Friday, August 17, 2012

The mama club

I keep trying to blog about things I think I should be writing about, like what I've been up to for the past few months - what I've been cooking, wearing, where I've been traveling etc. But none of that has been motivation enough to write lately.

Suddenly yesterday I had an epiphany - why not just write what's on my mind? I know that sounds silly and obvious, but it was a freeing realization to just write what I've been thinking about lately.

So, what is on my mind? Incidentally, the topic of babies. I was talking to E the other night about how we have gotten together with couple friends (new and old) a lot more frequently lately, but that I have been the only imbibing female amongst every couple we've spent time with this summer. Between friends who are TTC, expecting, and lactating, I'm feeling a little bit out of the club.

E and I are in the stage of starting to talk about growing our family in a more real sense, with a real timeline (involving years); still, we're not quite ready. But there is something about all my friends having babies that still makes me feel a little left out. I mean, my mom friends are impressed by my knowledge of the physical effects of pregnancy, birth and post-partum, (this is primarily because I have been reading too much OMG Mom), but it is also evident I'm not able to relate to what has changed for them emotionally and turned their entire lives around and upside down.

Maybe this goes without saying, but I really want to stay friends with all these ladies as they become mamas. I think I'm just having a hard time adjusting to their new normal and figuring out how to maintain a relationship that includes my time and love for their babies, but also adult time to talk about non-baby things. It feels a little awkward, like the start of a new friendship.
 Do I suggest we go out baby-free? Do I offer to come over and help them around the house?
How do I talk about my day-to-day work and married life with them, when it doesn't seem nearly as significant as creating and nurturing a human life?

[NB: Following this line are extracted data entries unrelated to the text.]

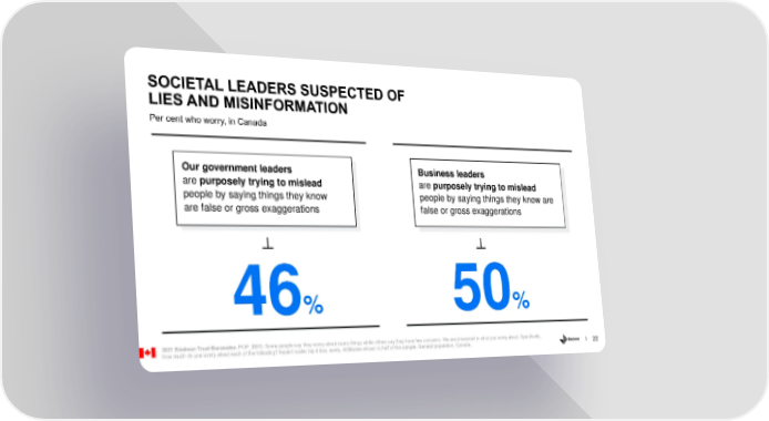 SOCIETAL LEADERS SUSPECTED OF LIES AND MISINFORMATION Per cent who worry, in Canada Our government leaders Business leaders are purposely trying to mislead are purposely trying to mislead people by saying things they know people by saying things they know are are false or gross exaggerations false or gross exaggerations 46% 50% 2021 Edelman Trust Barometer. POP_EMO. Some people say they worry about many things while others say they have few concerns. We are interested in what you worry about. Specifically, how much do you worry about each of the following? 9-point scale; top 4 box, worry. Attributes shown to half of the sample. General population, Canada. 22
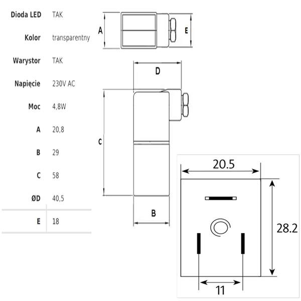 CEWKA Z WTYKIEM I DIODĄ LED na napięcie 230V AC
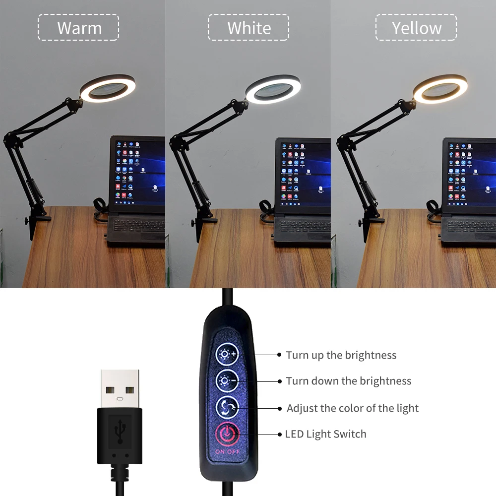 Настольная Светодиодная лампа лупа и 2-в-1: Лупа со светодиодной подсветкой, который обеспечивает достаточно света в ночное время для вас не выворачивают зонт на потолочные светильники.
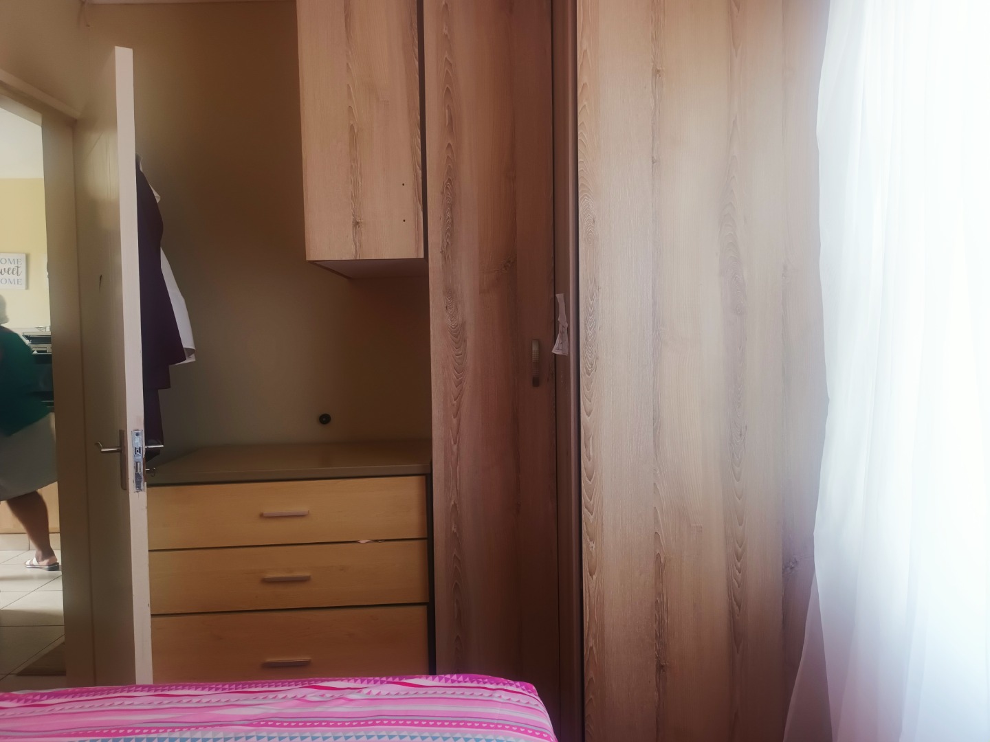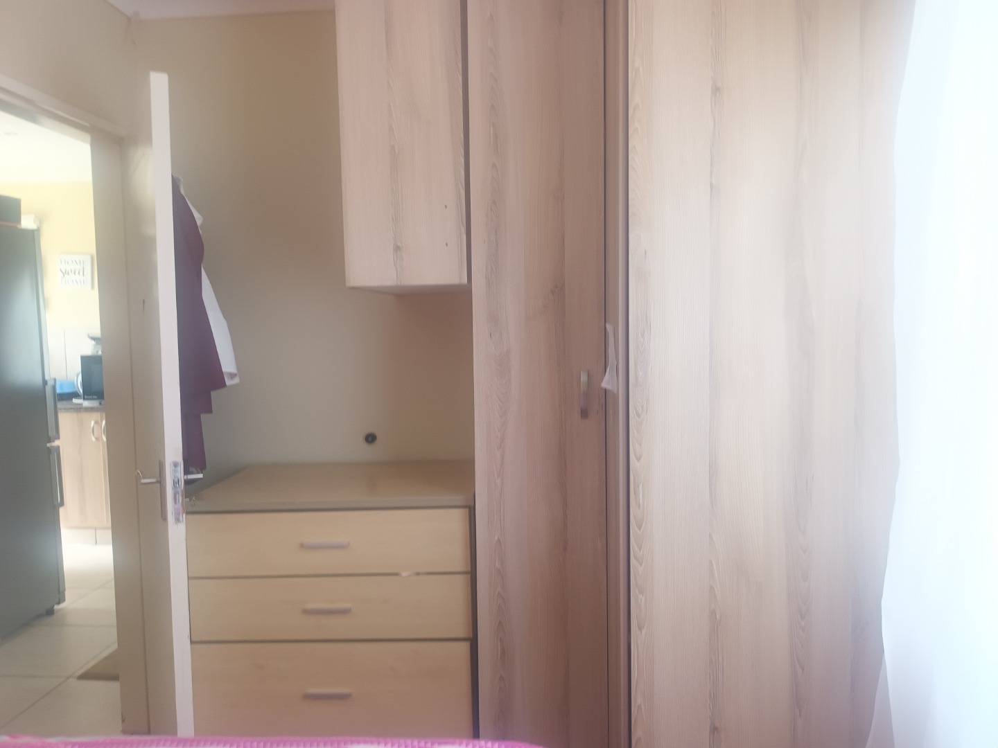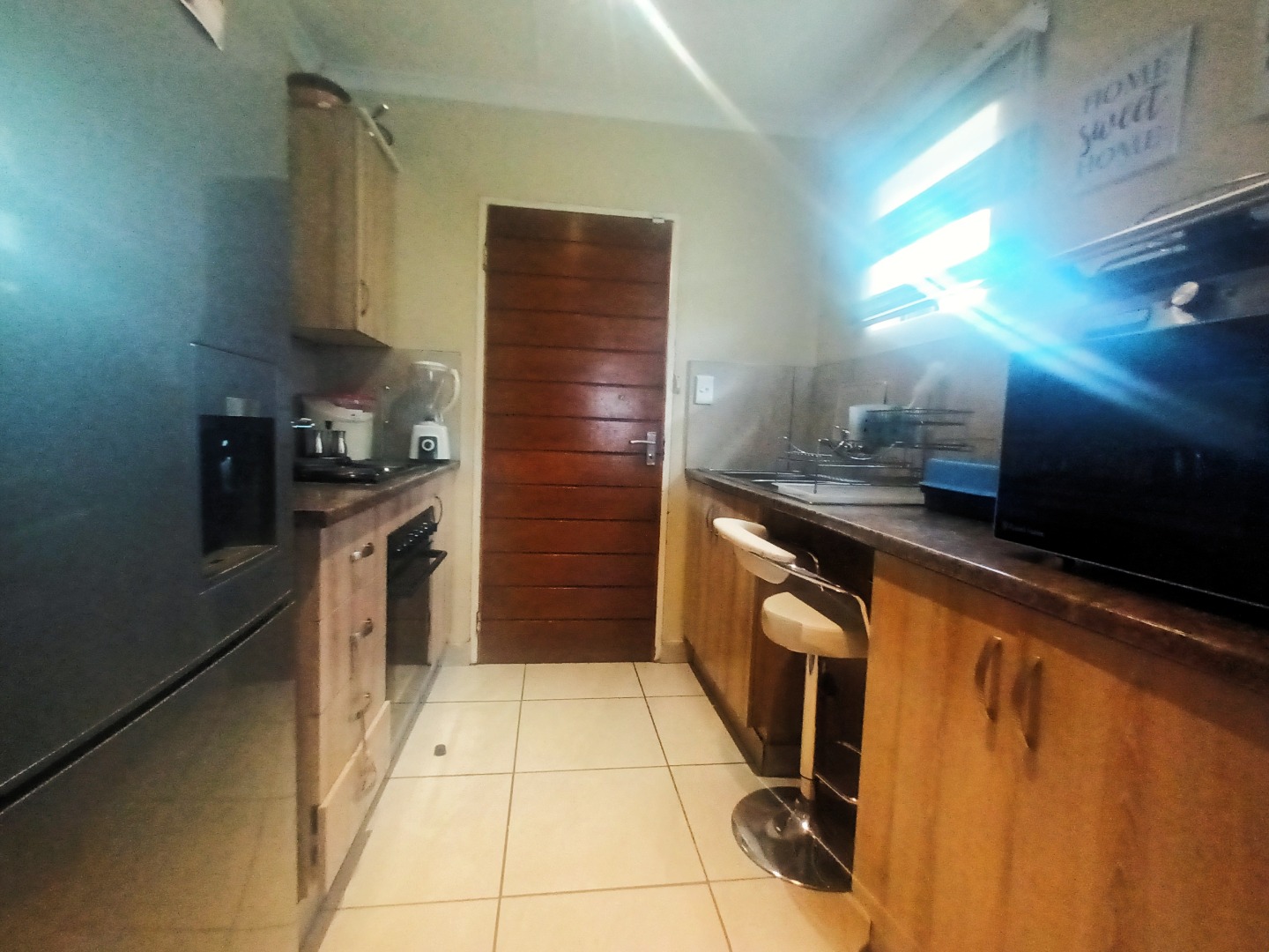 Each of the three bedrooms provides a comfortable retreat, while the two bathrooms, including one en-suite, cater to the household's needs. Security is enhanced with burglar bars on windows, ensuring peace of mind. The property also features a garden and paving, offering outdoor space for enjoyment.
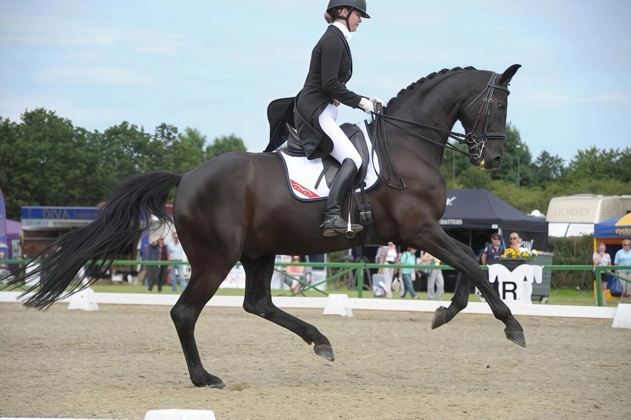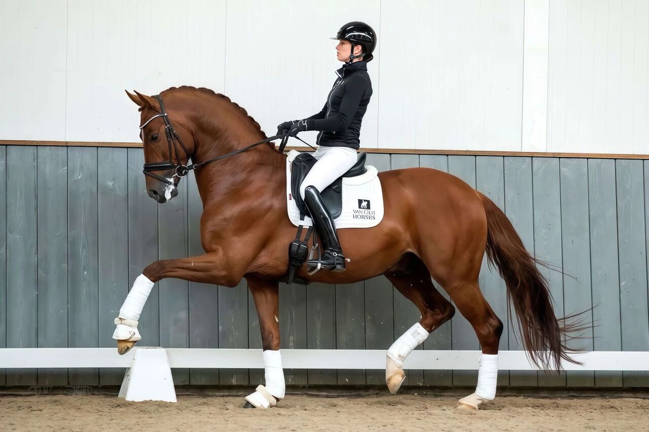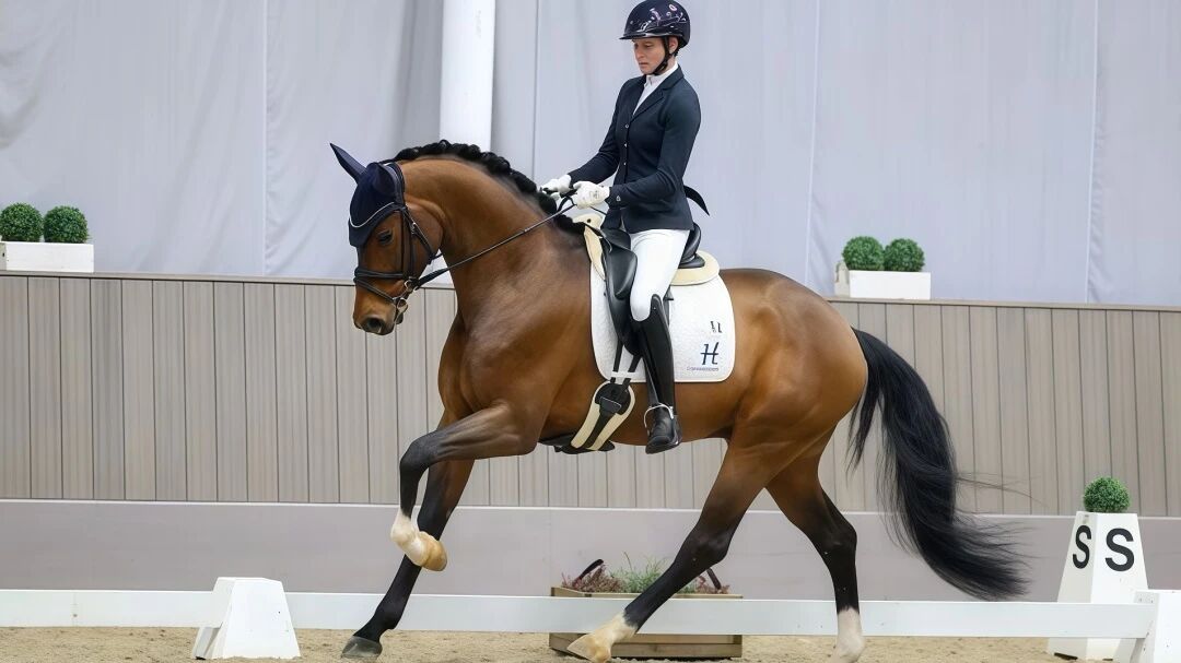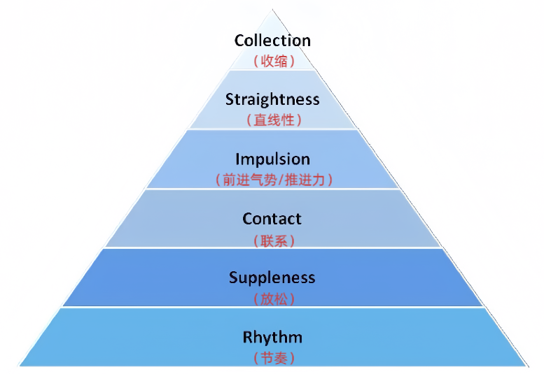 二、節(jié)奏與放松 不是“動起來就行”,而是馬的身體是否已經(jīng)具備承載訓(xùn)練的能力。 訓(xùn)練金字塔核心六要素 在德國訓(xùn)練金字塔中,節(jié)奏與放松位于最底層。這是生物力學(xué)的必然結(jié)果:一匹不放松的馬,無法正確使用背部;而背部不能工作,所有“后續(xù)訓(xùn)練”都會變成代償。 很多人以為“放松”是情緒問題,但在年輕馬身上,它首先是指身體狀態(tài): 放松的馬——步伐長度穩(wěn)定;背部在運(yùn)動中有“擺動感”;在輕接觸下仍能保持節(jié)奏。 未放松的馬——步態(tài)節(jié)拍不穩(wěn);背部僵硬,轉(zhuǎn)彎時(shí)容易縮步;一旦韁繩介入,身體立刻變緊。 一個(gè)常見誤區(qū) 過早追求“受銜”外形,往往會制造放松假象:馬的頭低了,但背沒有參與,問題只是被掩蓋。 三、前進(jìn)氣勢與縱向平衡 關(guān)注的不是讓馬跑的“更快”,而是它的動力是否真正來自后肢 當(dāng)心理穩(wěn)定、節(jié)奏清晰、身體放松之后,訓(xùn)練才真正進(jìn)入力量方向的調(diào)整階段。這一階段的核心,不是制造更大的向前速度,而是開始重建馬匹的縱向平衡。在訓(xùn)練體系中,這一步對應(yīng)的是前進(jìn)氣勢/推進(jìn)力(Impulsion),但這個(gè)詞經(jīng)常被誤解。 前進(jìn)氣勢 ≠ 速度 從生物力學(xué)角度看,年輕馬的重心天生偏前,前肢大約承擔(dān) 60% 的體重。如果訓(xùn)練中只是單純追求速度,身體并不會變的平衡,反而會把更多的負(fù)荷繼續(xù)壓在前肢上。 真正的前進(jìn)氣勢,指的是:

I know a lot of my friends are on the other side of this and maybe struggling as well to maintain healthy friendships with single or childless friends. So please weigh in - I would love to hear what ladies on both sides feel about this!

Thursday, August 2, 2012

The ultimate sacrifice

I have so many things to share and write about - baby showers thrown and attended (3), wedding events for my sister, travel, our crazy growing garden.

But for the past five days I've done little else but think about and pray for a woman I know from church who lost her husband in Afghanistan on Sunday.

It's strange: even though we know a lot of military families, I (ignorantly) thought things were basically over for the US military in the Middle East. I certainly didn't think about or realize US soldiers were still being attacked and still dying. So the news itself was completely shocking.



I have grieved the loss of people much dearer to me - family members and close friends, but the loss of Dan has come as such a huge blow to the church and community. E and I weren't close with Dan and his wife Rachel, but we had mutual friends at church and had attended a few game nights with them. In the past, I have been moved and saddened hearing about the loss of lives of our military members, but this was so close to home.

Dan was a sergeant in MARSOC (special ops in the Marines), and had already been in combat three times and was on his sixth deployment. He received a purple heart last summer in a combat that shattered his knee. Besides being a godly man who loved his family, I don't know how else to describe him except that he seemed way too bad ass to have anything happen to him. It's really hard to imagine one of the toughest strongest guys you can think of not making it.  But this isn't the movies, and the strong guy isn't coming home.


(taken from Facebook)

In part it feels disingenuous to be so torn up over his death, considering there are so many others suffering so much more deeply at this loss. But as Christians we mourn with those who mourn, and I can't help but dwell on the ugliness of death.
I'm just so thankful that death does not win in the end.

The very moment that believers die they are in paradise. Their battle is fought: their strife is over. They have passed through that gloomy valley we must one day tread; they have gone over that dark river we must one day cross. They have drunk that last bitter cup which sin has mingled for man: they have reached that place where sorrow and sighing are no more. Surely we should not wish them back again! We should not weep for them, but for ourselves.
-JC Ryle


Thank you for your service and sacrifice, Gunnery Sergeant Daniel J. Price.